People like padikiller need to stop feeling so threatened by ideas from abroad. We don't know EVERYTHING in the US. We CAN learn a thing or two from others.
#4 Posted by eggsk, CJR on Mon 6 Aug 2012 at 10:27 PM
eggsk wrote: Healthcare -under a single-payer system- won't cost any more than you're currently paying into private health insurance; in fact, it'd be less
padikiller responds: Of course it would, Crappy, rationed care is cheaper that good, state-of-the-art private care.
But Americans don't want it. We don't want to die of thirst in National Health hospital rooms or lie dead in triage as the nurses step over us.
We don't want to wait 100 days for an MRI like they do in Ontario.
And if you have a young population (like Israel does) and a surplus of doctors from Eastern Europe (like Israel does, at least for the time being) and if you're willing to put the bill on the credit card (like Israel is) then yes... You can live on the cheap for a while.
But when the population ages... And when the doctors leave because the pay sucks.. And when the credit card is maxed out...

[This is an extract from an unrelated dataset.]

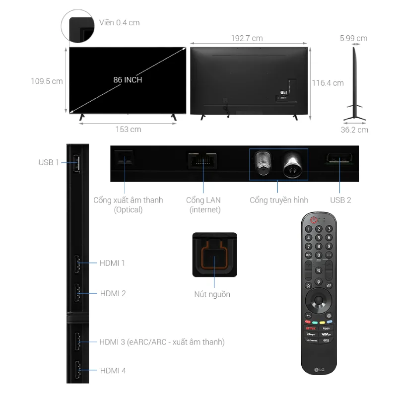 Smart Tivi LG NanoCell 86 inch 4K - 86NANO81TSA Viền mỏng
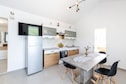 The original house includes a fully equipped kitchen, dining room, and living area overlooking the vineyards and sea. A comfortable bedroom is in the attic (ceiling height 1.5m) reachable by spiral stairs. The second, newly built house, was built following an authentic architecture with a modern interior design. Kitchen, dining and living area are overlooking the vineyards and the sea. Living room has a convertible sofa offering sleeping for 2 persons. The property has two private bathrooms with shower and toilet. Hair dryer is provided.

Then the Crap is going to hit the Proverbial Fan and the Gubmint's Money Fairy is going to run out of Free Health Care Dust to sprinkle on the Israeli masses.
#5 Posted by padikiller, CJR on Mon 6 Aug 2012 at 11:12 PM
Okay, if we're going to talk about the Israeli health care system, let's make sure we know what we are talking about.
1.# Romney was merely pointing out that Israel spends less on health care than we do in the USA. No serious Republican would deny that other countries spend less on health care than we do or that we need to find ways to lower our costs. He did not, at any point, say he liked the Israeli system or argue that we should try to replicate it.
2.) Also, one needs to look at the Israeli system before claiming that it is "socialized". In fact, it has a number of features that may actually make it more market oriented than the US system or at least other systems in developed nations. For instance, if you look at WHO data, you would see that 40% of the Israeli system is privately financed. Compare that to the UK, where only 15% of the system is privately financed #In the USA, it is 50%).
3.) Likewise, the Israeli's utilize a key market mechanism in their system: cost sharing. About 30% of health care spending is out of pocket in the Israeli system. That means that individuals pay 30% of their costs directly. Compare that to the USA, the supposedly more "market oriented" system, where only 12% of costs are out of pocket.
The fact is that the Israeli system does not resemble either the USA model of health care or the single payer model in the UK or Canada. It is certainly more "market oriented" than anything those on the American left are advocating, but it is also has more "government control" than anything being pushed on the right. What does that mean?
Well, it probably means that the Israeli health care system doesn't have a whole lot of relevance to US health policy.
#6 Posted by John Brown, CJR on Mon 6 Aug 2012 at 11:46 PM
I think John is right about the importance of out-of-pocket payments.
France does the same thing.
Demanding payment at the time of service is the best way to keep costs down.